## WORK REQUEST
Please return the data word for word and leave out any picture it contains.

## SUPPLIED INFORMATION
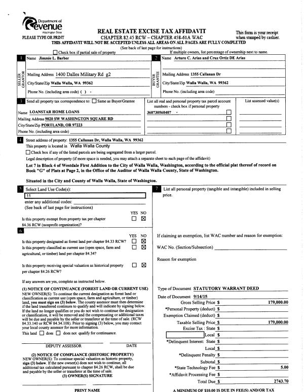 | 3 | 09/15/2015 | SWD | STATUTORY WARRANTY DEED | BARBER JIMMIE & MARY | ARIAS ARTURO C | | | $179,000.00 | 128814 | 2015-08066 |
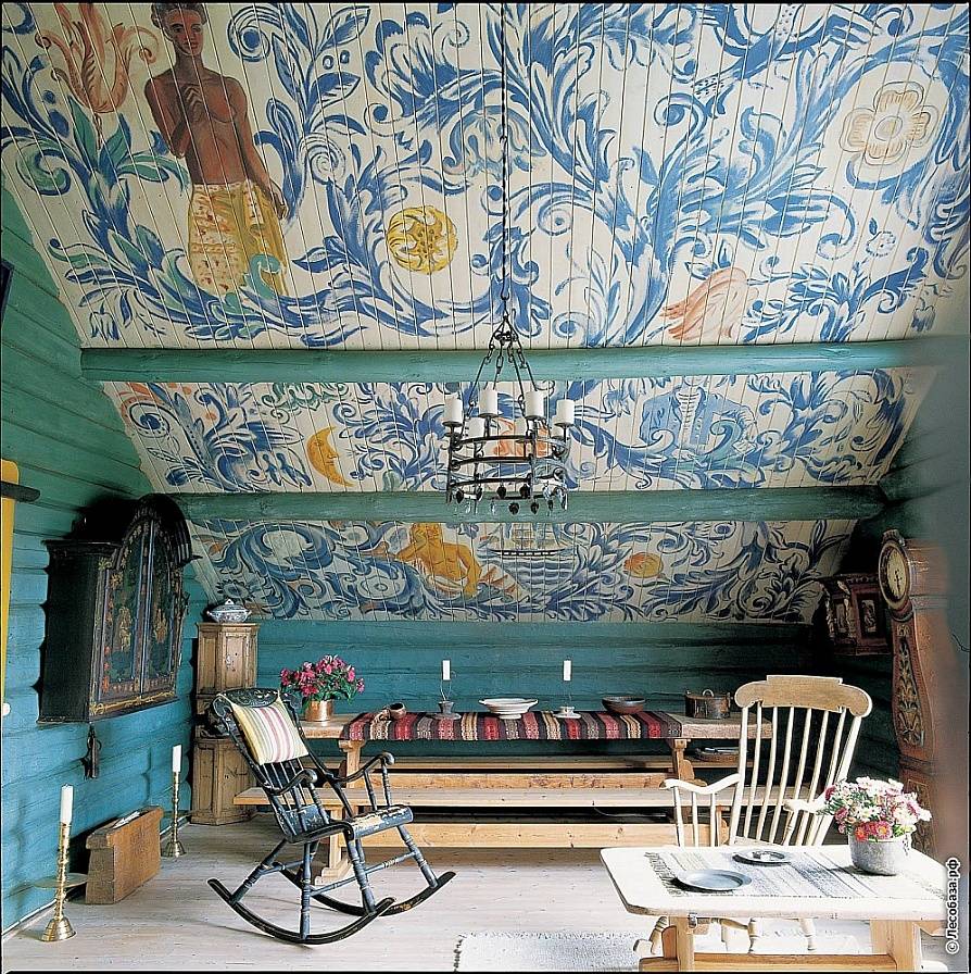 В прошлом, жители этой северной страны очень любили украшать свои жилища растительным орнаментом, напоминающими русскую роспись шкатулок. Зеленый, ярко красный, голубой цвета покрывали стены и потолки старинных домов. Этот стиль прозвали «норвежским кантри». И в наше время современные дизайнеры с удовольствием используют народные мотивы в своих проектах.
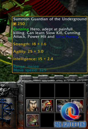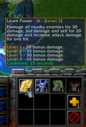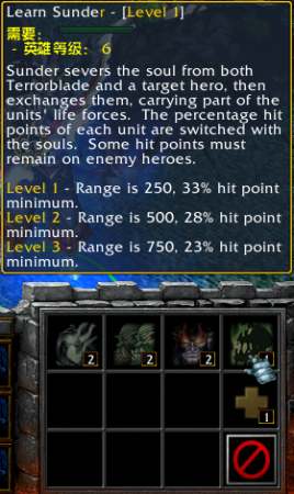 ①强力打击:对所有周围敌方单位造成30伤害,自己损失20点,并为下一次攻击造成额外20/35/50/65伤害。制作原理是疾风步,像死骑的大招一样,可以躲技能的。

## EXERCISE ANSWER
 | 3 | 09/15/2015 | SWD | STATUTORY WARRANTY DEED | BARBER JIMMIE & MARY | ARIAS ARTURO C | | | $179,000.00 | 128814 | 2015-08066 |
 В прошлом, жители этой северной страны очень любили украшать свои жилища растительным орнаментом, напоминающими русскую роспись шкатулок. Зеленый, ярко красный, голубой цвета покрывали стены и потолки старинных домов. Этот стиль прозвали «норвежским кантри». И в наше время современные дизайнеры с удовольствием используют народные мотивы в своих проектах.
 ①强力打击:对所有周围敌方单位造成30伤害,自己损失20点,并为下一次攻击造成额外20/35/50/65伤害。制作原理是疾风步,像死骑的大招一样,可以躲技能的。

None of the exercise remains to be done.